Dr Chew, who is also a clinician at the Royal Melbourne Hospital, is co-leading the study with Dr Ian Majewski and Professor Andrew Roberts.

At a glance

  • AML genomics research led by Dr Edward Chew has received a RCPA Foundation Illumina Cancer Research Grant
  • The grant will support research into why only half of AML patients respond successfully to treatment, in order to find ways to improve patients’ outcomes
  • Using advanced genetic sequencing technology, Institute bioinformaticians will analyse masses of data from patient leukaemia samples to identify the critical factors leading to a successful patient outcome after treatment.

Better treatments needed for AML

Dr Edward Chew receiving award
A Royal College of Pathologists of Australasia (RCPA)
Foundation Illumina Cancer Research Grant will support
Dr Edward Chew’s research into AML. Dr Chew (R) is
pictured with RCPA President Associate Professor Bruce
Latham. Image credit: Sally Abboud Photography/RCPA

AML is an aggressive blood cancer. Approximately 900 new cases of AML will be diagnosed this year in Australia. Despite advances in treatment and patient care, fewer than half of these AML patients will be alive at 5 years after their diagnosis. 

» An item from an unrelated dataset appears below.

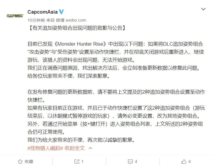 卡普空表示,目前已發現《Monster Hunter Rise》中出現以下問題:如果將 DLC 追加姿勢組合 「攻擊姿勢」與 「受傷姿勢」設置至動作快捷欄,並在徹底關閉遊戲後重新進入、繼續遊玩,該獵人的資料會出現問題,無法開始遊戲。我們正在調查問題原因,找出解決方法後,會立刻准備更新數據以修復此問題。給各位玩家帶來不便,我們深表歉意。在發布修復問題的更新數據前,請不要將上文提及的 2 種追加姿勢組合設置至動作快捷欄。如果有玩家目前正在遊戲,並且已於動作快捷欄設置了這 2 種追加姿勢組合(遊玩結束後,以休眠模式暫停遊戲的玩家),請務必變更設置,改為其他姿勢組合。另外,若通過開始菜單(按 + 鍵打開)進入姿勢組合列表,上文所述的 2 種姿勢組合仍可正常使用。我們為給大家帶來的不便,再次致以誠摯的歉意。

Researchers are hoping to improve outcomes for a common type of AML called core-binding factor AML by understanding why some patients are cured of their cancer and why for others, who received exactly the same treatment, their AML comes back or relapses. 

Dr Chew said most people went into remission with therapy but for some patients the leukaemia relapses – an event that can happen anytime from a few months to a few years after treatment. 

“At this point, no one knows why some patients respond successfully and others don’t. Our study is aiming to change that. 

“If we can get to the bottom of what makes certain forms of this cancer so resistant to therapy, we will have the information needed to develop targeted treatments that can protect vulnerable patients from relapsing,” he said.

A deeper understanding through genomics

Scientists outside a lab

 

Award winner Dr Chew (L) and Illumina representative
Mr Timothy Daykin

Advances in next generation sequencing (NGS) technology have made possible fast and comprehensive analysis of cancer samples.

Bioinformaticians Ms Anna Quagleri, Dr Christoffer Flensburg, and Professor Terry Speed are helping to make sense of data from individual tumours to identify key differences in their genetic code.

Dr Chew said the teams were looking for vital differences between the cancers that responded to treatment versus the tumours that did not. 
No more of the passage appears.